Kore Ulusal Polis Teşkilatı (KNPA), Kuzey Koreli bilgisayar korsanlarının hassas tıbbi bilgileri ve kişisel bilgileri çalmak için ülkenin en büyük hastanelerinden biri olan Seul Ulusal Üniversite Hastanesi’nin (SNUH) ağına girdiği konusunda uyardı.
Olay, Mayıs ve Haziran 2021 arasında meydana geldi ve polis, failleri tespit etmek için son iki yılda analitik bir soruşturma yürüttü.
Kolluk kuvvetlerinin basın açıklamasına göre, saldırı aşağıdaki bilgilere dayanarak Kuzey Koreli bilgisayar korsanlarına atfedildi:
- saldırılarda gözlemlenen izinsiz giriş teknikleri,
- Kuzey Koreli tehdit aktörlerine bağımsız olarak bağlanan IP adresleri,
- web sitesi kayıt detayları,
- belirli bir dilin ve Kuzey Korece kelime dağarcığının kullanımı
Güney Kore’deki yerel medya, saldırıyı Kimsuky bilgisayar korsanlığı grubuyla ilişkilendirdi, ancak polisin raporu, belirli bir tehdit grubundan açıkça bahsetmiyor.
Saldırganlar, hastanenin dahili ağına saldırı başlatmak için Güney Kore ve diğer ülkelerdeki yedi sunucuyu kullandı.
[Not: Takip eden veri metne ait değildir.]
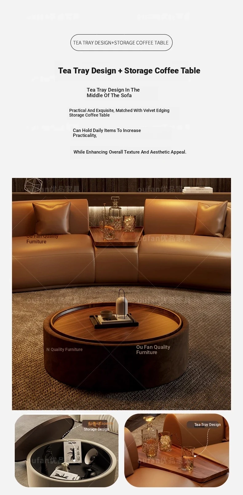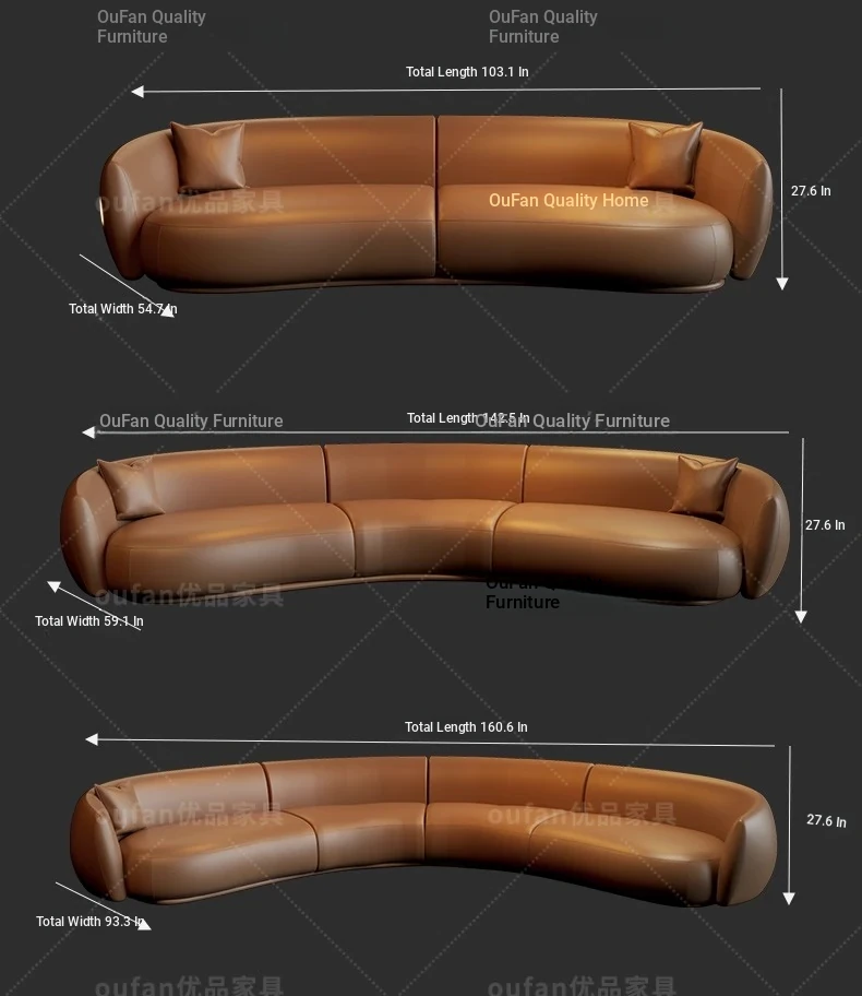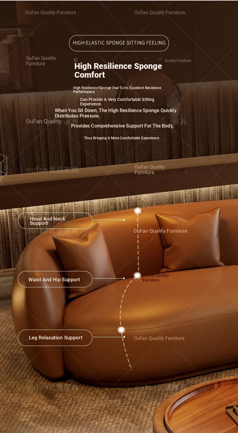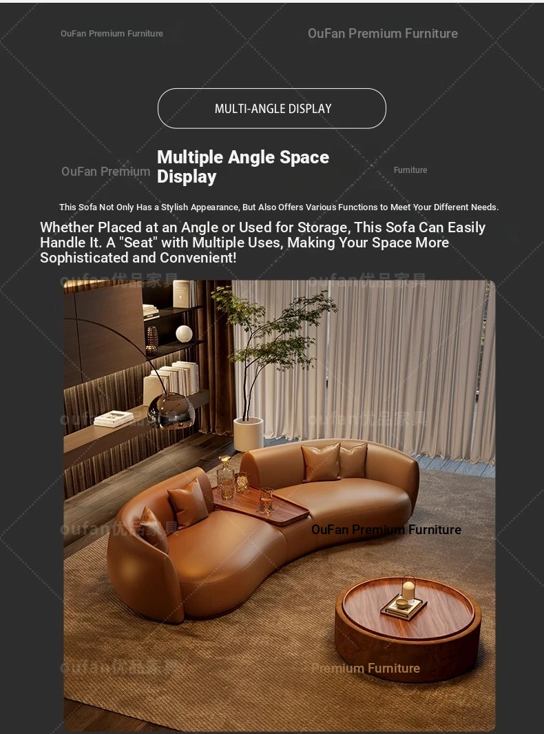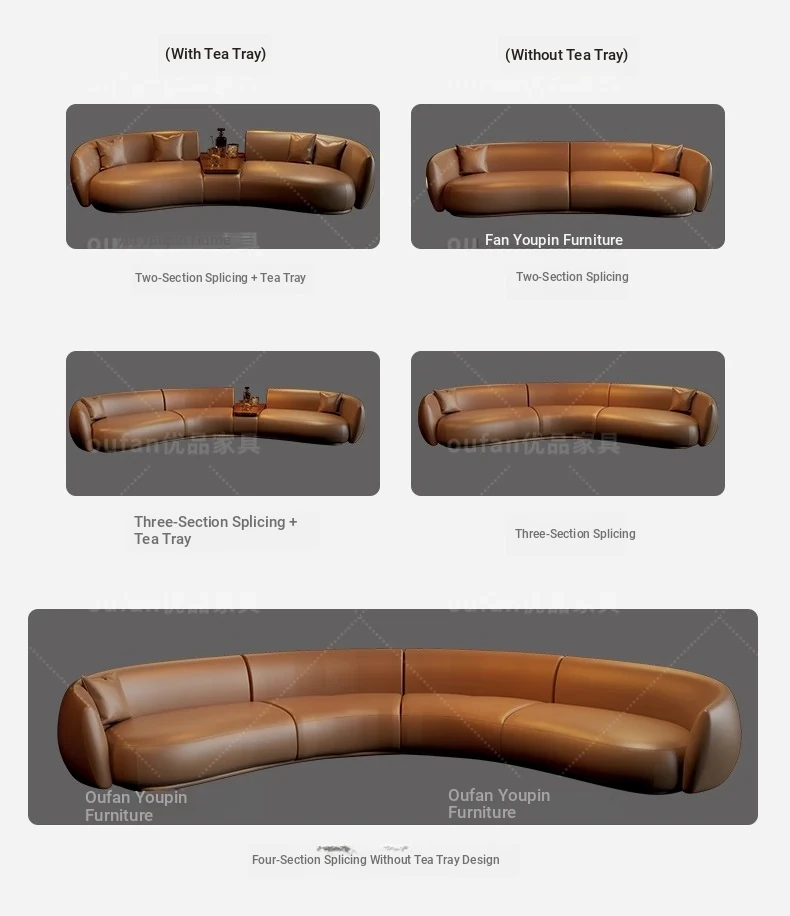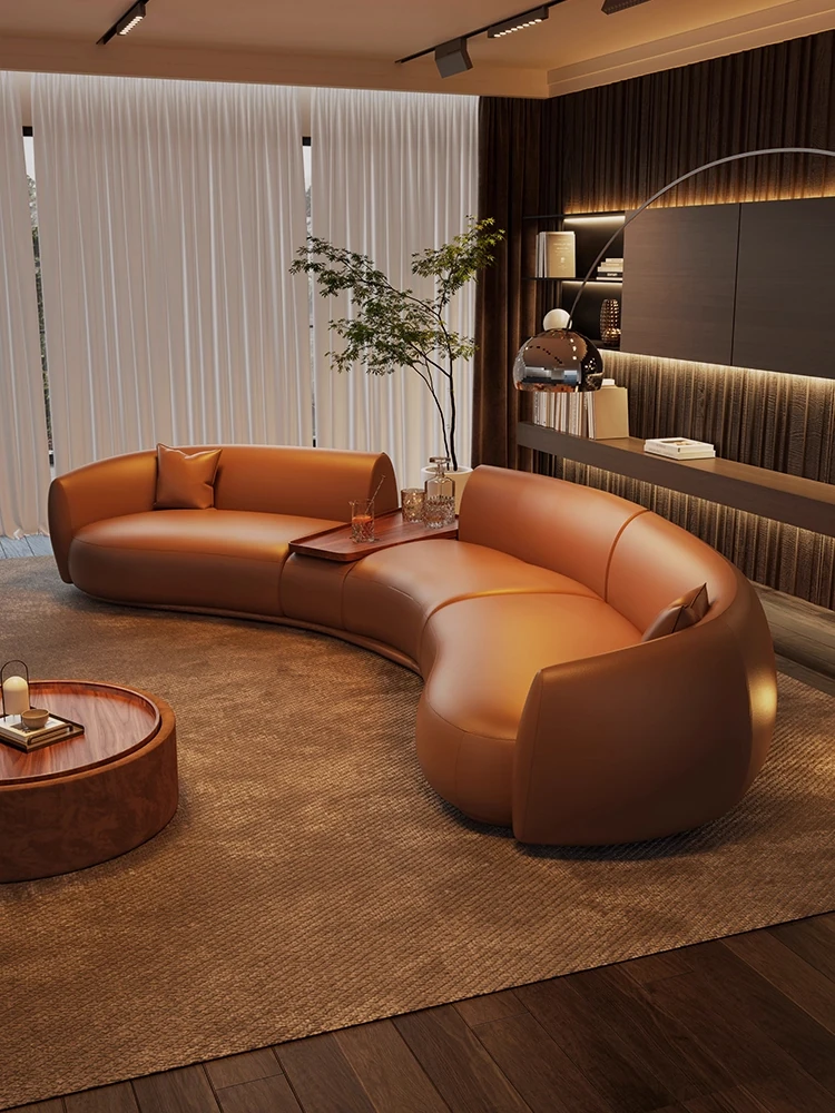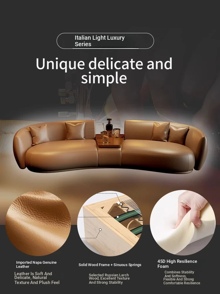Italian Luxury Curved Genuine Leather Sofa - Elevate Your Living Space with Sophistication, Perfect for Salons, Real Estate Offices, and Hotel Lobbies.

Polis, olayın çoğu hasta olan 831.000 kişinin verilerinin açığa çıkmasıyla sonuçlandığını söyledi. Ayrıca, etkilenen kişilerin 17.000’i mevcut ve eski hastane çalışanlarıdır.
KNPA basın açıklaması, Kuzey Koreli bilgisayar korsanlarının çeşitli endüstrilerdeki bilgi ve iletişim ağlarına sızmaya çalışabilecekleri konusunda uyardı. Güvenlik yamaları uygulamak, sistem erişimini yönetmek ve hassas verileri şifrelemek gibi gelişmiş güvenlik önlemleri ve prosedürlerine olan ihtiyacı vurguladı.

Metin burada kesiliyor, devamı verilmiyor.